Sheila Sim (; born 7 June 1984) is a Singaporean actress and model.

Early life and education
Sim was educated at Radin Mas Primary School and CHIJ Saint Theresa's Convent. She later studied at Nanyang Polytechnic but dropped out after three months. Sim graduated from Marketing Institute of Singapore with a Diploma in Sales and Marketing and Curtin Singapore with a Degree in Advertising and Marketing respectively. In 2021, Sim graduated from with a Diploma in Positive Psychology from the School of Positive Psychology.

Career 
Sim started modelling in 2001. She was discovered at 16 by a talent scout while attending the wedding of her aunt Ivy Chng, who was a runway model in the 1980s. In 2009, Sim made her film debut in indie film Autumn In March, and later in 2013, she made her television debut in Channel 8's Chinese drama series, I'm in Charge. 

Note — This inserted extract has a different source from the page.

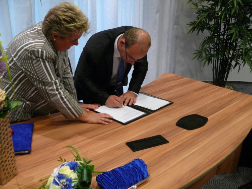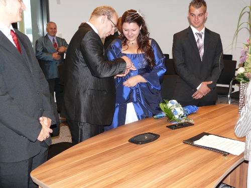 Die Eheschließung beginnt, sie hat die Rede sehr persönlich gemacht. Einige Punkte aus meinem 5-seitigen Text hat sie aufgefasst, z.B. das wir uns 2006 kennen gelernt haben und ja jetzt sozusagen in unserem 6 Jahr sind. Das wir uns in der Firma X kennen gelernt haben, die ja hier in der Gegend für so einiges bekannt ist, doch die Partnervermittlung sei ja etwas Neues... auch hatte sie erwähnt, dass ihr jemand zugeflüstert hatte, das Benny eigentlich nie heiraten wollte und dann doch zum "Beratungsgespräch" ins Standesamt mitgegangen ist. War sehr schön und lustig formuliert. Abgeschlossen hat sie alles mit einem Gedicht.
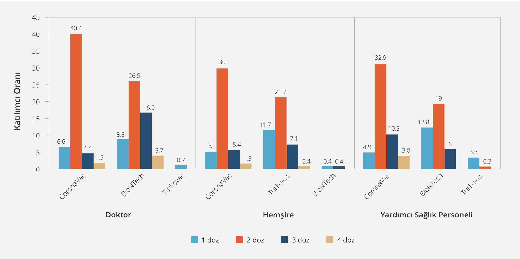 Çalışmamızda, COVID-19 aşısı yaptırmış katılımcılar incelenmiş olup doktorların hemşireler ve yardımcı sağlık personeline göre istatistiksel olarak anlamlı düzeyde daha fazla aşılandığı tespit edildi. Literatürdeki birçok çalışma da bu sonucu destekler bir şekilde doktorların hemşireler ve diğer sağlık çalışanlarına göre aşılanmaya daha meyilli olduğunu göstermektedir (9,12,21,24,25).

In September 2013, Sim started a modelling agency, NU Models, with Olinda Cho.

In 2014, Sim filmed a toggle original series, Mystic Whisper and a long-running half hour drama, 118 that earned her first nominatation for Best Supporting Actress and Top 10 Most Popular Female Artistes in Star Awards 2016. In 2016, she made cameo appearances in The Queen and You Can Be an Angel 2. She also filmed The Dream Job, Hero and 118 II, which earned her second acting nomination for Best Supporting Actress in Star Awards 2018. She participated in dramas 118 Reunion, Eat Already? 4 and Reach For The Skies, and toggle original series, VIC and  a Singapore-Hong Kong collaboration drama, Blue Tick.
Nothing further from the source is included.